ASSIGNMENT: Output the entries below word for word, stopping once the line containing "猫好きの方におすすめ:丸みを" is done, and omit each picture.

INFORMATION PROVIDED:
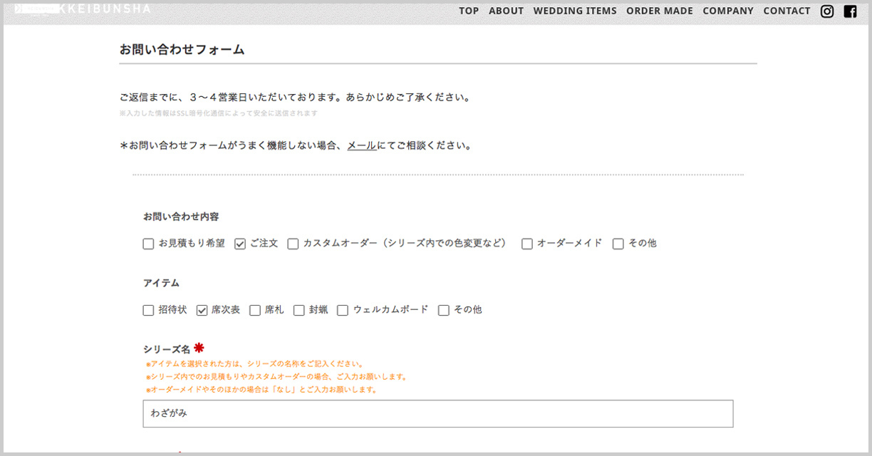 お問い合わせフォームにてお問い合わせ内容のご注文をチェック。
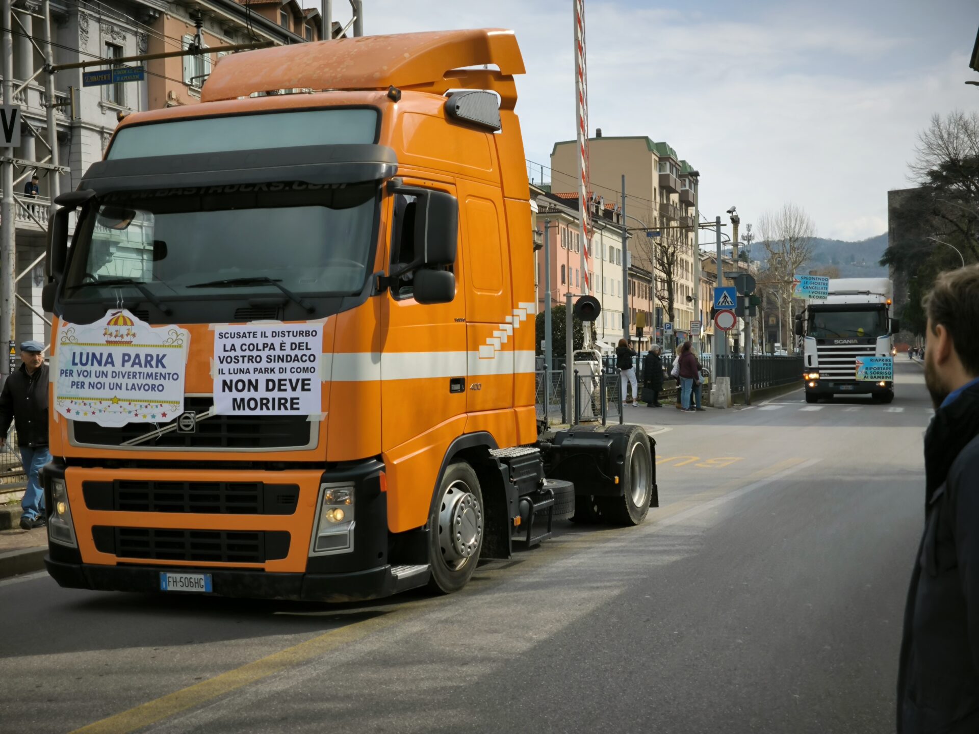 Sui mezzi diversi cartelli, in particolare uno recita: “Scusate il disturbo, la colpa è del vostro sindaco. Il luna park di Como non deve morire”.
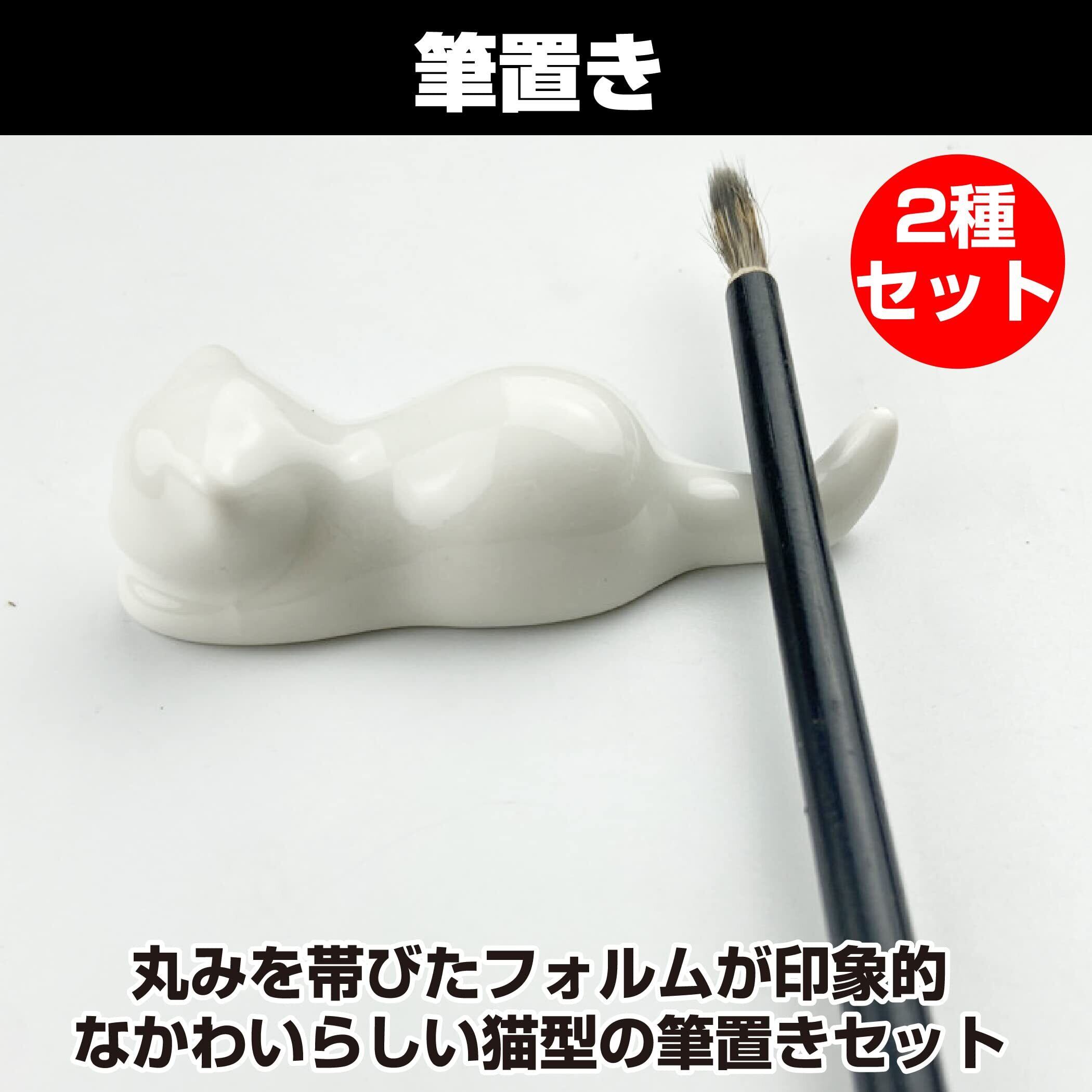 猫好きの方におすすめ:丸みを帯びたフォルムが印象的なかわいらしい猫型の筆置きセットです。書道や習字の練習の際に役立ってくれることでしょう。猫好きの方におすすめのセットとなっています。
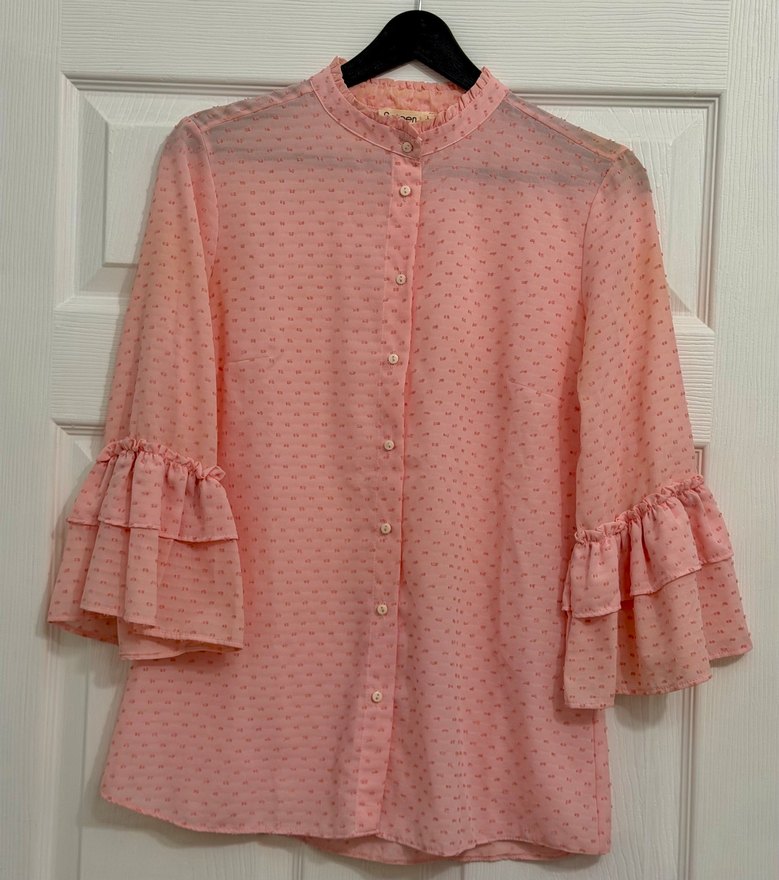 Pembe renkte, yüksek yakalı ve uzun kollu, fırfır detaylı bohem tarzda bol kesim bluz. Hafif puantiyeli ve yumuşak sentetik kumaştan yapılmıştır.
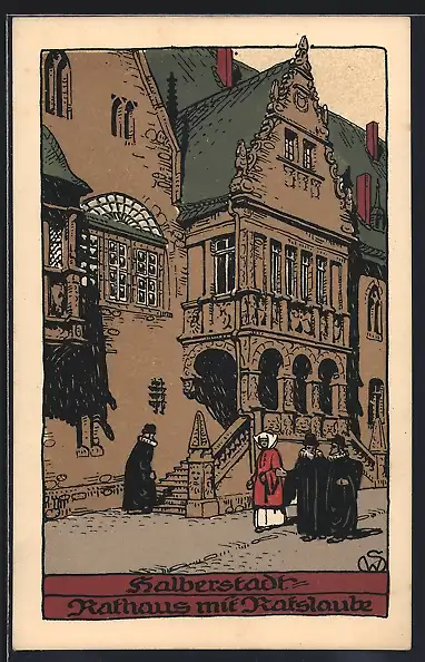 Steindruck-AK Halberstadt, Rathaus mit Ratslaube
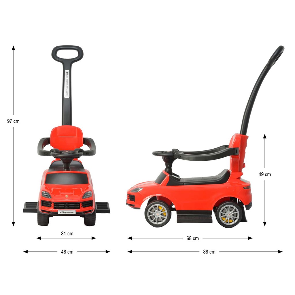 A Porsche Cayenne Milly Mally tolókarral ellátott bébitaxi egy valósághű kisautó, amely egyesíti a tolható jármű és a klasszikus bébitaxi funkcióját.
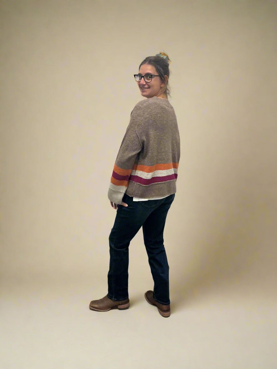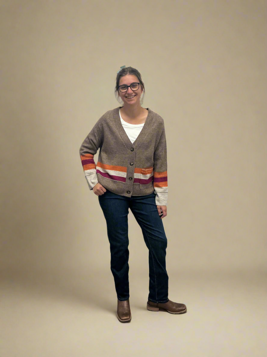 Cozy, creative, and effortlessly stylish – the soft knit V-neck cardigan is the layering piece every fall wardrobe needs. In a rich brown hue, it’s accented with playful, pink, orange and beige stripes along the hem and sleeves, giving it an artistic twist on a timeless classic. Designed with a relaxed, fit a single front pocket and easy button-down style. It’s perfect for layering over tees or dresses.
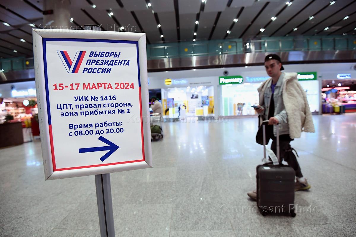 Выборы президента России. Голосование на временном избирательном участке в международном аэропорту Пулково имени Ф.М. Достоевского. Указатель избирательного участка.

RESULT:
 お問い合わせフォームにてお問い合わせ内容のご注文をチェック。
 Sui mezzi diversi cartelli, in particolare uno recita: “Scusate il disturbo, la colpa è del vostro sindaco. Il luna park di Como non deve morire”.
 猫好きの方におすすめ:丸みを帯びたフォルムが印象的なかわいらしい猫型の筆置きセットです。書道や習字の練習の際に役立ってくれることでしょう。猫好きの方におすすめのセットとなっています。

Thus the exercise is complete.